Diverted profits tax (DPT) is a 25% charge HMRC applies to profits it believes have been artificially shifted out of the UK to avoid tax. For a Dubai agency with UK clients, DPT applies if HMRC decides the agency's activities in the UK create a taxable presence here, or if the agency lacks genuine economic substance in Dubai and is effectively a UK business routing profits through Dubai.
How can I avoid diverted profits tax risk as a Dubai agency founder?
To avoid DPT risk, you need genuine economic substance in Dubai: a physical office, local employees, local bank accounts, and board meetings held in Dubai. You also need to become non-UK resident by passing the Statutory Residence Test, which typically means spending fewer than 16 days per tax year in the UK. Your contracts, client relationships, and key decisions should all be managed from Dubai, not from the UK.
What are the red flags that trigger an HMRC investigation into a Dubai agency?
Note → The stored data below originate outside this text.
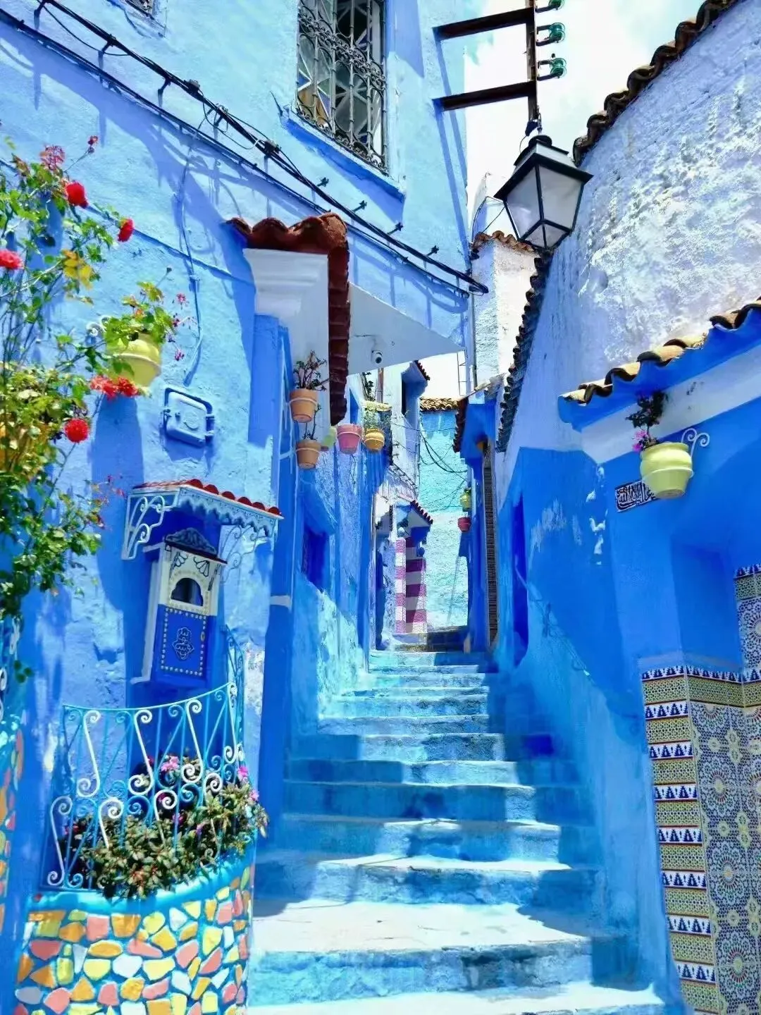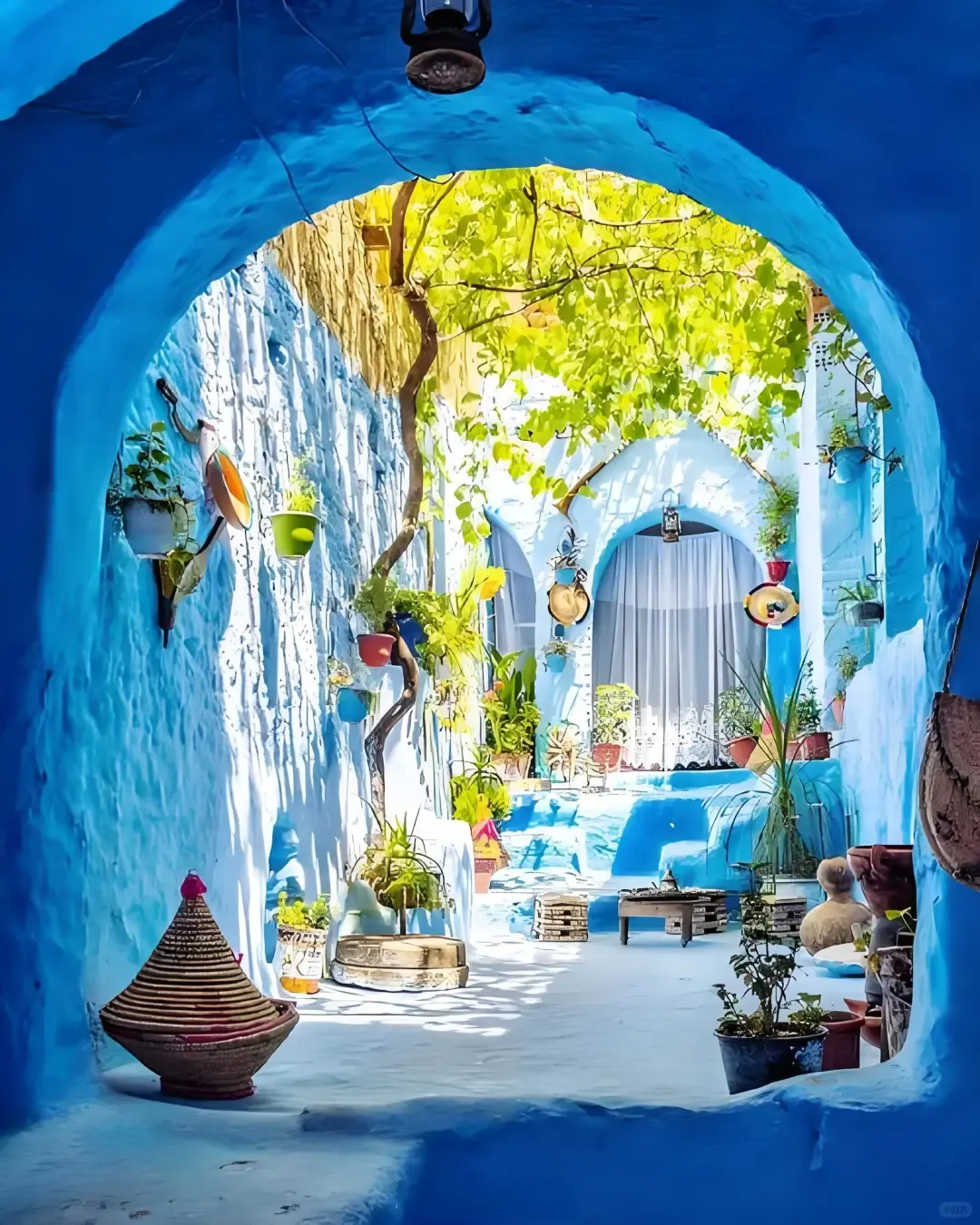 舍夫沙万(chefchaouen)是摩洛哥西北部一个精致美丽的山城✨。国家地理杂志曾经这么评价舍夫沙万:“摩洛哥小镇舍夫沙万弯曲的街道,都蒙上了一层梦幻的蓝色”。
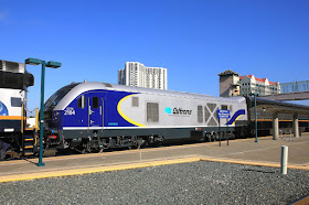 A Southbound Amtrak Capitol Corridor train is scheduled to arrive right before the Zephyr pulls in. This was being powered by a typical Amtrak California F59PHI (#2010), however behind it was brand new SC44 Charger #2104.
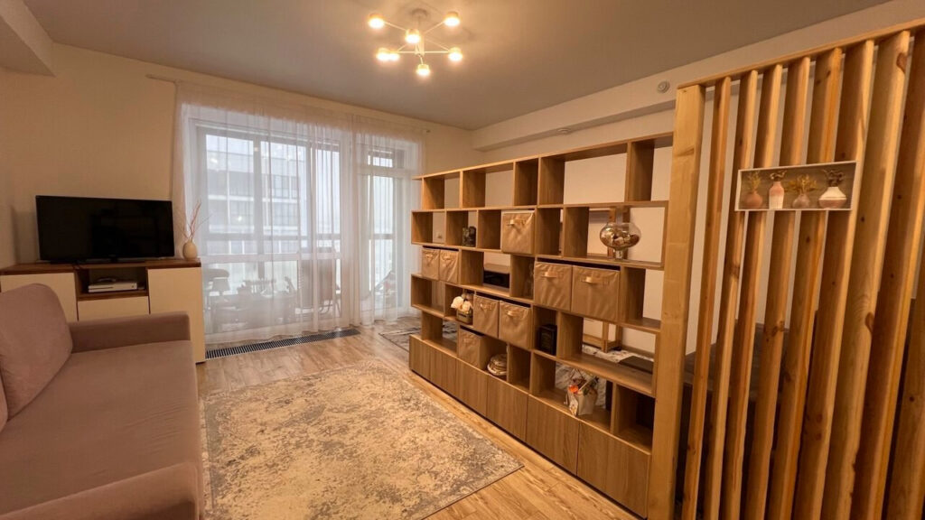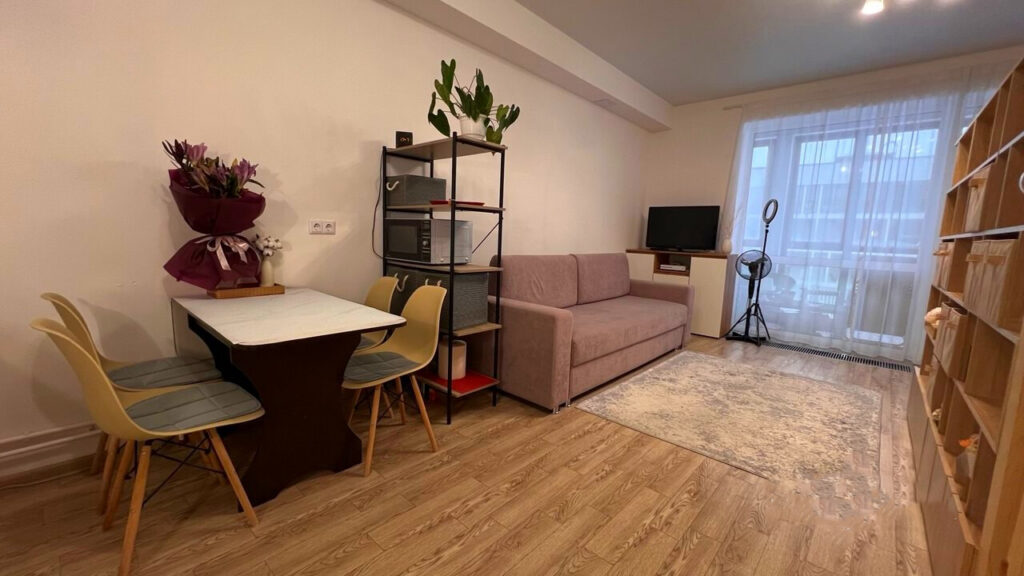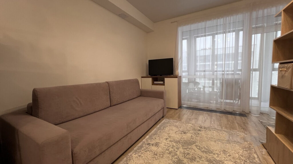 Строительство жилого комплекса недалеко от торгового центра «Экспобел» началось еще в 2020 году, но, в связи с определенными проблемами на рынке недвижимости, стартовые дома комплекса были объявлены арендными. Однако, несмотря на это, время от времени появляются варианты на продажу. В данный момент, к примеру, на продажу выставлена новая однокомнатная квартира, которая уже готова для проживания и полностью меблирована.
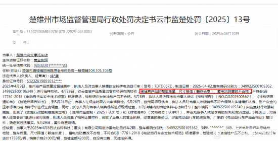 此前,在2025年6月,楚雄州市场监督管理局发布的行政处罚决定书中,台铃就曾被点名过。当时,该品牌型号为TDTD067Z的电动自行车,整车质量、尺寸限值(鞍座长度)、蓄电池防篡改等项目均不合格。
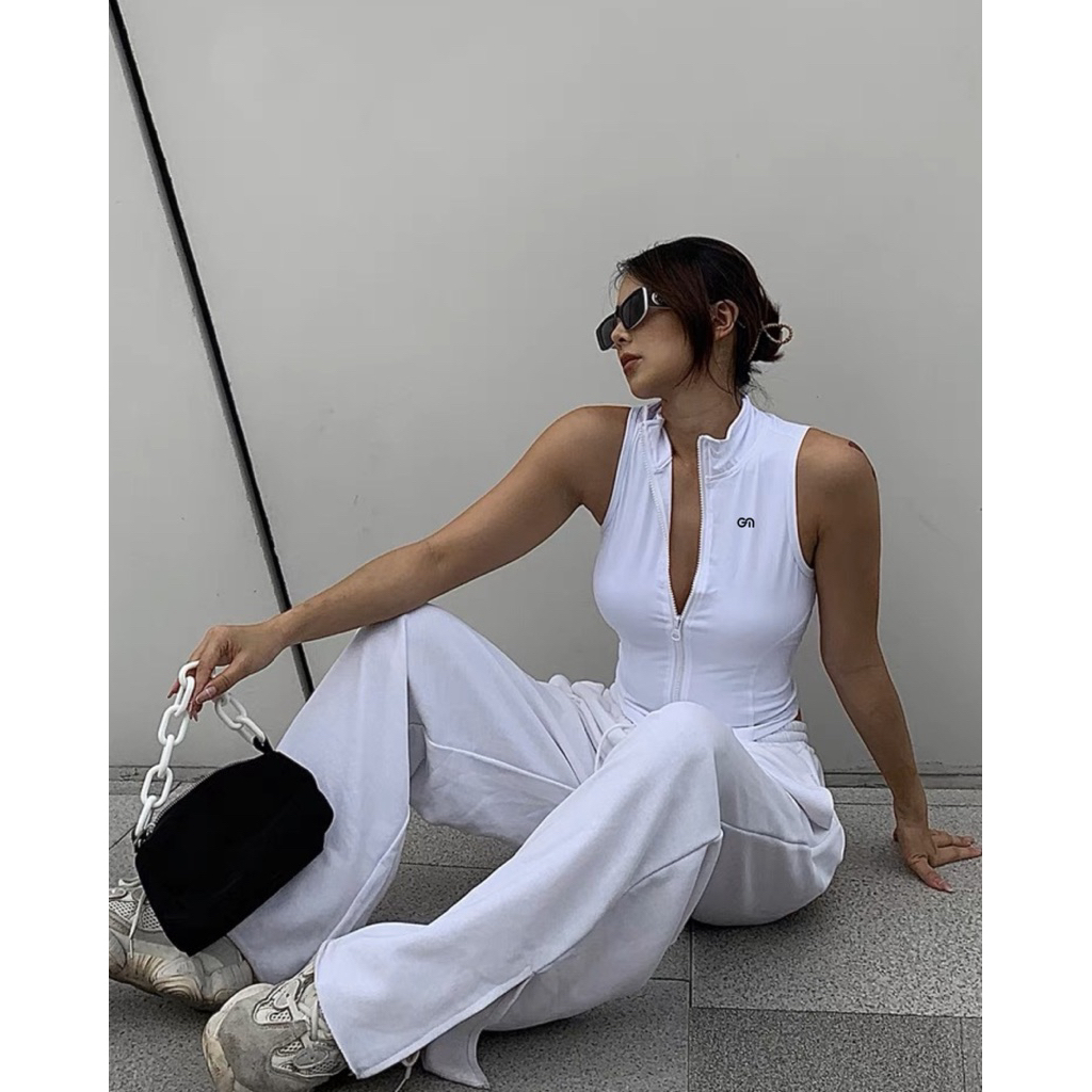 Gymmode - เสื้อคลุม sleeveless zip front เสื้อกั๊กซิปหน้า คลุมบรา ลำลอง
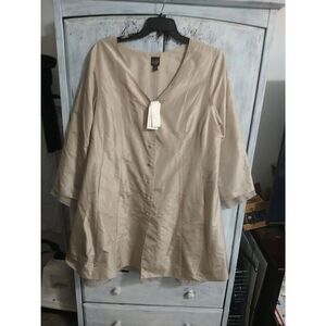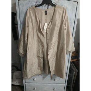 Eileen Fisher 100% Silk Button Up Fitted Taffeta Jacket 1x Nwt Boho Classic
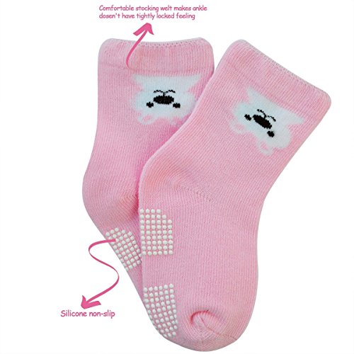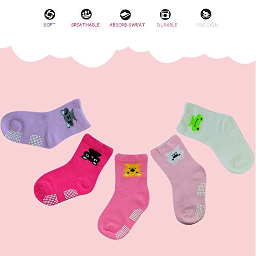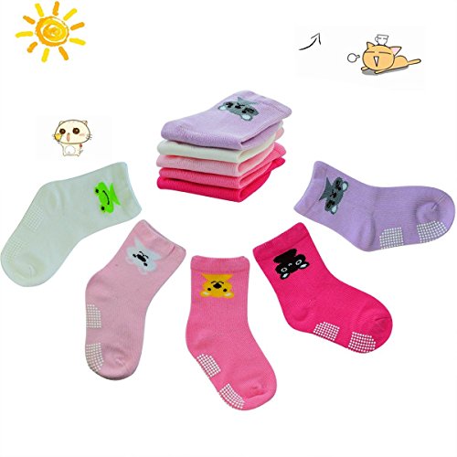 5 Pairs Baby Girl Anti-Slip Combed Cotton Socks Lystaii Upside Down Cartoon Toddler Walker Non Skid Sneakers Footsocks Shoe Ankle Socks Foot Cover With Grips for 1-3 /12-36 Months Years Baby [並行輸入品]
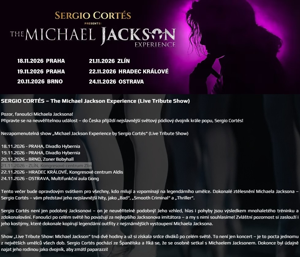 SERGIO CORTÉS – The Michael Jackson Experience. Cena jedné vstupenky 1690 Kč. Pouze osobní předání, nejde o padělek - mohu ukázat doklad o zaplacení.
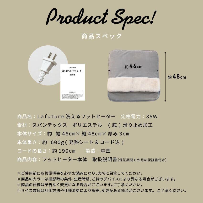 【商品詳細】定格電圧:35W カバー素材:スパンデックス ポリエステル (底)滑り止め加工 本体サイズ:約幅46xm×縦48cm×厚み3cm 本体重さ:約600g(発熱シート&コード込み) コードの長さ:約190cm 商品内容:フットヒーター本体 取扱説明書*ご使用前に取扱説明書を必ずお読みになり、大切に保管してください。*商品のカラーは撮影時の条件、生産時期、ご覧のデバイスにより異なります。*商品の仕様は予告なく変更になる場合がございます。ご了承ください。*サイズ数値は計測方法や仕様変更により誤差、変更がある場合がございます。ご了承ください。
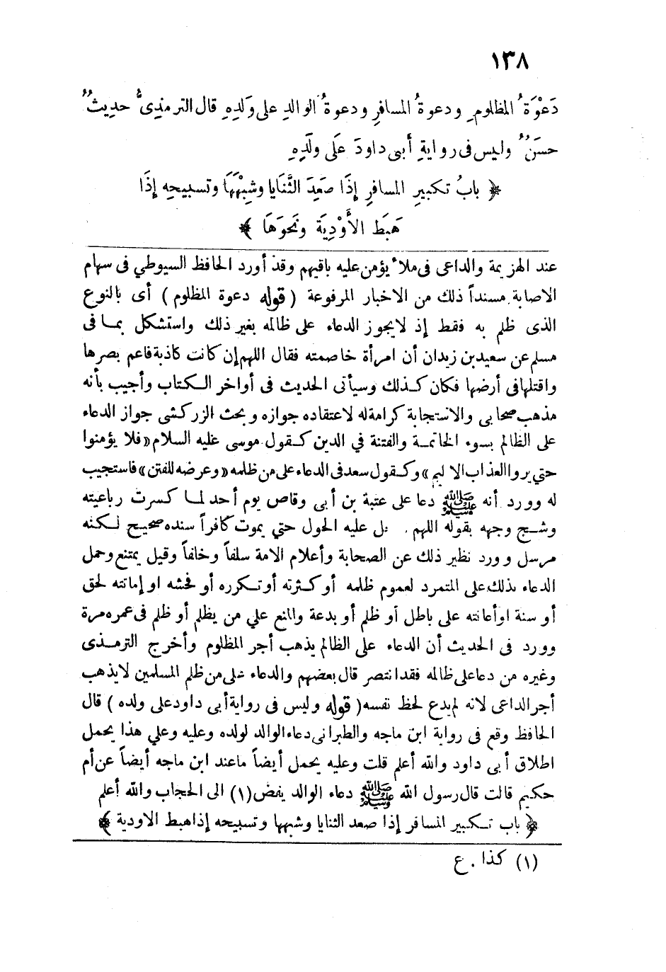 امرأة خاصمته فقال: اللهم إن كانت كاذبة فاعم بصرها واقتلها في أرضها فكان كذلك وسيأتي الحديث في أواخر الكتاب وأجيب بأنه مذهب صحابي والاستجابة كرامة له لاعتقاده جوازه وبحث الزركشي جواز الدعاء على الظالم بسوء الخاتمة والفتنة في الدين كقول موسى - عليه السلام -: "فلا يؤمنوا حتى يروا العذاب الأليم" وكقول سعد في الدعاء على من ظلمه "وعرضه للفتن" فأستجيب له وورد أنه - صلى الله عليه وسلم - دعا على عتبة بن أبي وقاص يوم أحد لما كسرت رباعيته وشج وجهه بقوله اللهم لا تحل عليه الحول حتى يموت كافرًا سنده صحيح لكنه مرسل وورد نظير ذلك عن الصحابة وأعلام الأمة سلفًا وخلفًا وقيل يمتنع وحمل الدعاء بذلك على المتمرد لعموم ظلمه أو كثرته أو تكرره أو فحشه أو إماتته لحق أو سنة أو إعانته على باطل أو ظلم أر بدعة والمنع على من يظلم أو ظلم في عمره مرة وورد في الحديث أن الدعاء على الظالم يذهب أجر المظلوم وأخرج الترمذي وغيره من دعا على ظالمه فقد انتصر قال بعضهم والدعاء على من ظلم المسلمين لا يذهب أجر الداعي لأنه لم يدع لحظ نفسه. قوله: (وليس في رواية أبي داود على ولده) قال الحافظ في رواية ابن ماجه والطبراني دعاء الوالد لولده وعليه وعلى هذا يحمل إطلاق أبي داود والله أعلم قلت وعليه يحمل أيضًا ما عند ابن ماجه أيضًا عن أم حكيم قالت: قال رسول الله - صلى الله عليه وسلم - دعاء الوالد يفض إلى الحجاب والله أعلم.

Common red flags include: the founder spending significant time in the UK while claiming non-residence, the founder having a UK home or family ties, UK clients being sourced and serviced from the UK, the Dubai company having no physical office or local employees, and contracts being signed in the UK. HMRC also looks at travel records, banking data, and property registries under international information-sharing agreements.
Can I keep my UK company and also run a Dubai agency?
Yes, but the two companies must be genuinely separate. They should not share staff, bank accounts, or intellectual property. Any transactions between them must be at arm's length prices. If the two companies look like one business split across two jurisdictions, HMRC will treat them that way and may apply DPT to profits it considers should have been taxed in the UK.